The circuit above helps explaining how the inductor behaves and how the power is converted from electric to magnetic form and back. The circuit is divided into two parts, a charging circuit (left) and discharging circuit (right). The activation/deactivation of each circuit is done through a switch S. The charging/discharging action is related to the inductor. When the inductor is charging, the power from the voltage source (12 V) is split into two parts: an active/real power, which is being dissipated by the resistor R1 = 140 Ω and a reactive/imaginary power which is being stored in the inductor L = 3H.
When the switch S is opening the charging circuit, it is also closing the discharging circuit.
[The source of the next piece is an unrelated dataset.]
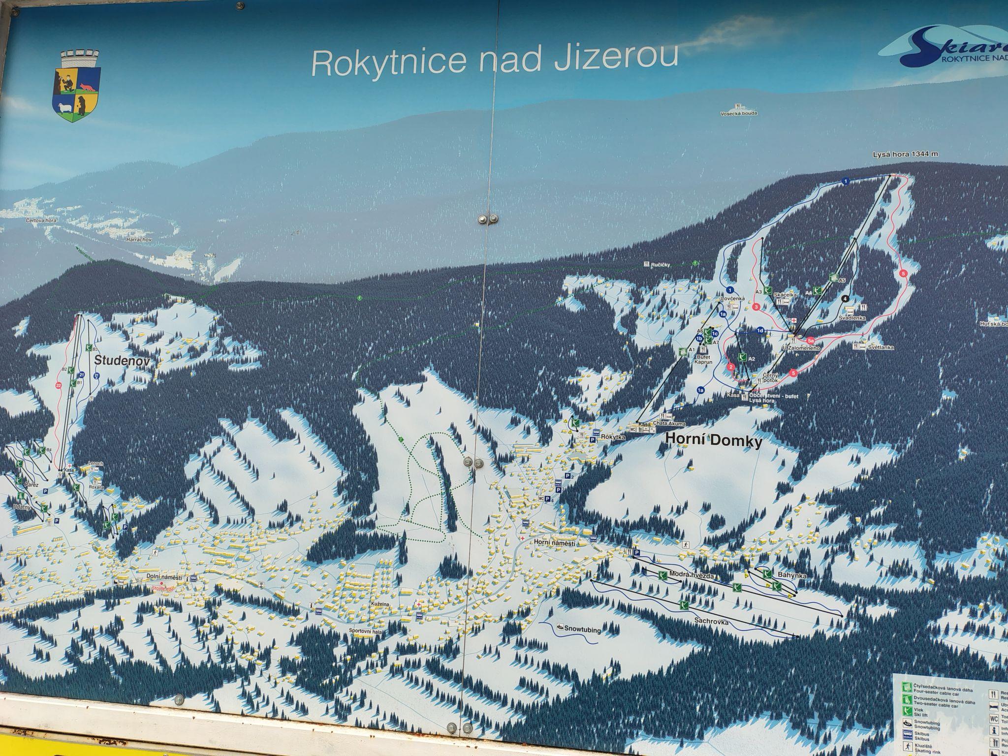Beautiful apartment block "Rosie-Dolní námestí", 3 storeys, built in 1998. In the centre of Rokytnice nad Jizerou, in a central, sunny position, in the heart of the city, 500 m from the skiing area. In the house: central heating system. Parking, public parking extra. Supermarket, restaurant, café 50 m, bus stop "Rokytnice nad Jizerou, nám." 100 m. Ski lift 500 m, ski bus stop 100 m, ski school 500 m. Nearby attractions: Stráž 2.5 km, Hutský vodopád 4.2 km, Františkov 3.2 km. Well-known ski regions can easily be reached: Rokytnice nad Jizerou 3 km, Harrachov 6.5 km, Paseky nad Jizerou 5 km. Hiking paths: Dvoracky 6 km, Labská bouda 12 km, szrenica 11 km.

In this state, the energy stored in the inductor is discharged through the resistor R2 = 140 Ω. In the discharge phase all the electrical power in the discharge circuit is active power due to the fact that it passes through the resistor and the inductor is loosing its stored energy.
The power which flows back and forth between the source and the load is called reactive or imaginary power. The symbol for reactive power is Q and it’s also calculated by the product between voltage and current, but the unit of measurement is Volt Ampere Reactive [VAR].
Due to the increase and reduction of magnetic field (inductor) or electric field (capacitor), reactive power (Q) takes power away from the AC circuit, which makes it more difficult for the active power (P) to be supplied directly to a circuit or load.
Example on how to calculate reactive power
Calculate the reactive power in an inductor L = 5 mH in an AC circuit, with the peak voltage Epeak = 162 V and the frequency f = 60 Hz.
Step 1. Calculate Erms = Epeak / √2 = 162 / √2 = 114.55 V
Step 2. Calculate the inductive reactance XL = 2 ⋅ π ⋅ f ⋅ L = 2 ⋅ π ⋅ 60 ⋅ 5⋅10-3 = 1.885 Ω
Step 3. Calculate Ipeak = Epeak / XL = 162 / 1.885 = 85.994 A
Step 4. Calculate Irms = Ipeak / √2 = 85.994 / √2 = 60.771 A
Step 5. Calculate reactive power Q = Erms ⋅ Irms = 114.55 ⋅ 60.771 = 6.9614 VAR
Summary
The main differences between active and reactive power are summarized in the table below.
Active Power | Reactive Power |
It’s the real power used/consumed/dissipated by the circuit/load | It’s the power flowing back and forward from the source into the circuit, without doing any useful work |
It’s always positive, does not change direction | Can be positive or negative, changes direction periodically |
Flows only from source to load/circuit | Flows from source to load or reverse, from load to source |
Symbolized by the letter P and measured in Watts, P [W] | Symbolized by the letter Q and measured in Volt-Ampere-Reactive, Q [VAR] |
Measured in a real circuit with a Wattmeter | Measured in a real circuit with a VARmeter |
Generates useful work like, mechanical power, heat or light | Does not generate useful work, only oscillates back and forth between source and load/circuit |
Depends on the dissipative elements of the circuit (resistance) | Depends on the inductive or capacitive elements of the circuit (reactance) |
It’s maximum in a purely resistive circuit | It’s maximum in a purely inductive or capacitive circuit |
References
[1] Theodore Wildi, Electrical Machines, Drives and Power Systems, 6th Edition, Pearson, 2005.
[2] Stan Gibilisco, Teach Yourself Electricity and Electronics, 3rd Edition, McGraw-Hill, 2001.